More advanced Stage III, IV, or V patients were excluded during the recruitment process. The patient's diagnosis was agreed upon by a specialist in PD (Dr. Durso) and at least one other neurologist. All patients were required to have had at least one CT- or MRI scan during their illness to rule out history of brain injury. Patients with Parkinsonism from known causes (e.g., encephalitis, trauma, carbon monoxide exposure, manganese poisoning, hypoparathyroidism, a multi-infarct state or medications (such as neuroleptics) interfering with dopaminergic functions) were excluded. Similarly, other degenerative diseases mimicking PD (e.g., striatonigral degeneration, progressive supranuclear palsy or olivopontocerebellar degeneration) were excluded. PD patients with concurrent Alzheimer-like dementia were excluded. Other exclusion criteria included: 1) An abnormal CT or MRI scan showing basal ganglia atrophy or calcification and or stroke. 2) For patients who had received levodopa (LD) for more than 1 year, a history of no response to LD even in the initial stages of the disease, as this would be consistent with striatonigral degeneration rather than PD. 3) The presence of pyramidal, downward gaze or cerebellar dysfunction on examination, as these would be consistent with other diagnoses such as multi-infarct state, progressive supranuclear palsy or olivopontocerebellar degeneration respectively. 4) Other: (a) inability to obtain informed consent from patient due to an incapacity on the part of patient to understand purpose and risks of study, as these individuals are likely demented; (b) history of ongoing alcohol or drug abuse; (c) patients with a history of psychiatric or psychotic disorder and patients currently on anti-depressant or anti-psychotic medications as these medications may influence communication functions.
Medication information was obtained from each patient's records and levodopa equivalent dosages (LDE) were calculated with 100 mg levodopa=83 mg levodopa with a COMT inhibitor=1 mg Pramipexole=1 mg Pergolide. LDEs were later examined to assess the impact of medications on performance outcomes.
Nonimpaired participants were 32 (12 female; 7 non-white) individuals (M age = 56.3) recruited through the Movement Disorders Clinics of the VA New England Health Care System. All of these participants had completed high school with the majority (80%) having completed some college. Hence, relative to the PD participants, the control group had more females (37.5 % vs. 7.1%, χ2 = 7.69, p < .05), was younger (56.3 vs. 66.5, t(58) = −3.74, p < .05), more highly educated (15.27 years vs. 13.93 years, t(58) = 1.8, p < .1), more ethnically diverse (22% nonwhite vs. 7% nonwhite, χ2 = 5.28, p < .05), and scored higher on Mini Mental State Exam (MMSE: 28.27 vs. 26.57, t(58) = 4.17, p < .01). Participants also completed the Stroop test (Stroop, 1935) which served as a measure of Executive Cognitive Function.
2.2.2. Materials
The stimulus materials for this experiment were adopted from Holtgraves (1999) and consisted of a set of 24 scenarios (8 target scenarios and 16 filler scenarios).
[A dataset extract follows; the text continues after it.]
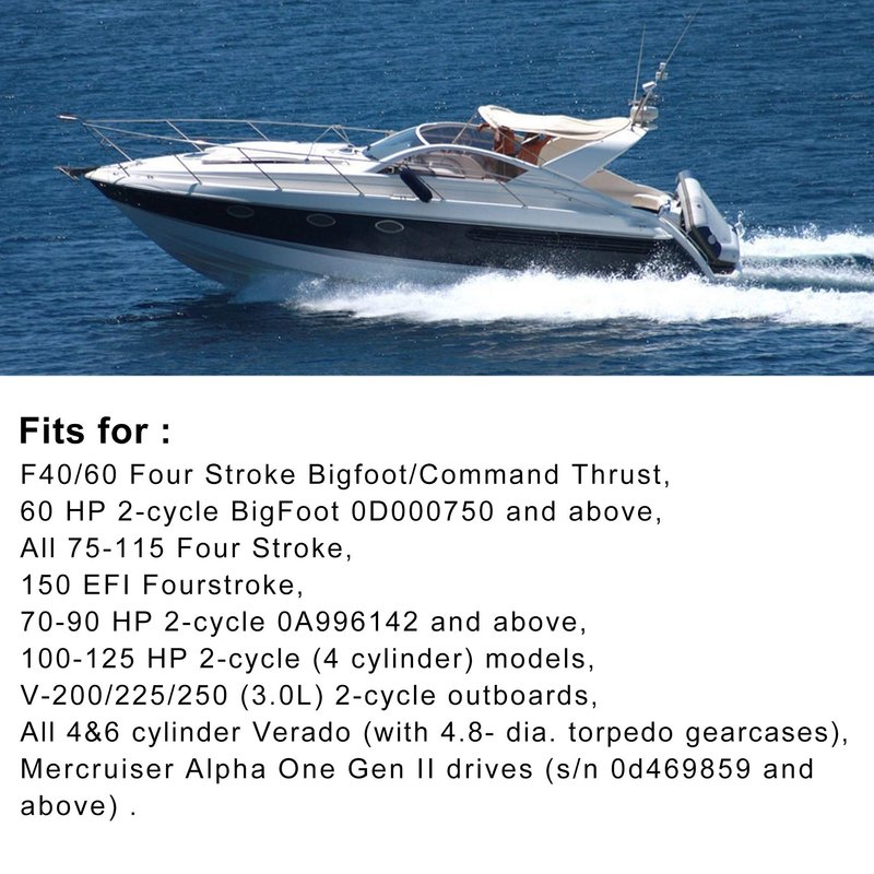 - Fits: F40/60 Four Stroke Bigfoot/Command Thrust, 60 HP 2-cycle BigFoot 0D000750 and above, All 75-115 Four Stroke, 150 EFI Fourstroke, 70-90 HP 2-cycle 0A996142 and above, 100-125 HP 2-cycle (4 cylinder) models, V-200/225/250 (3.0L) 2-cycle outboards, All 4&6 cylinder Verado (with 4.8- dia. torpedo gearcases), Mercruiser Alpha One Gen II drives (s/n 0d469859 and above).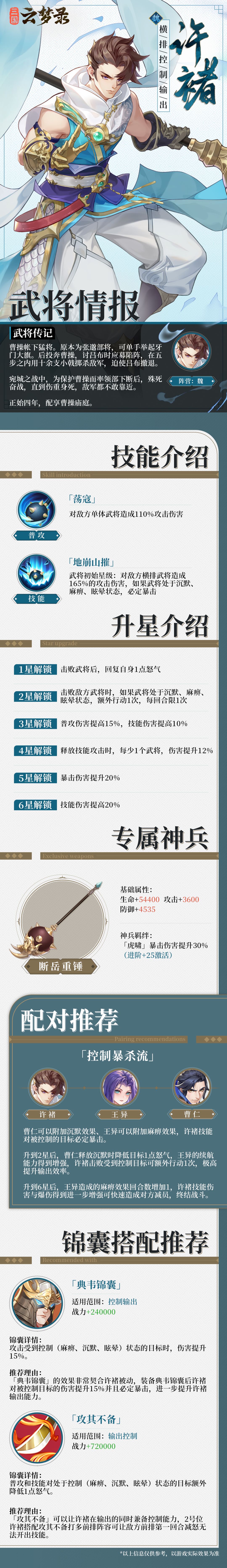 小将军好!《三国云梦录》与大家见面啦~想必各位小将军对诸多武将感到好奇。小乔今天为大家带来了许褚的武将情报!请小将军查收哦~

Each scenario (2–6 sentences) described a situation between two people and ended with a question that one person asked the other. The question was then followed by a reply. There were two versions of the scenario and question that preceded each reply. In the indirect meaning version the question always requested information that was potentially face-threatening for either the person asking the question (opinion situation) or the recipient (self-disclosure situation). The reply was a violation of the relevance maxim and hence likely to be interpreted as conveying a negative opinion or disclosure (Holtgraves, 1998). In the control version, the scenario and context supported a literal reading of the reply, and hence an indirect interpretation was not likely to be made. Following the reply was a target sentence that represented an indirect interpretation of the reply in the indirect version. An example is presented in Table 1.
Table 1.
Sample Scenario used in Experiment 1
Nick and Paul have been friends for many years. They decided to enroll together in a class on public speaking. Each week students in this class have to give a 20 minute presentation to the class on some topic. Nick gave his first presentation and then decided to ask Paul what he thought of it. (They were talking about the 20 minute presentation they had to make in this class). |
Nick: What did you think of my presentation? (Don't you think it's hard to give a good presentation?) |
Paul: It's hard to give a good presentation. |
Target: I didn't like your presentation. |
Note: the control version is created by substituting the material in parentheses for the preceding italicized material.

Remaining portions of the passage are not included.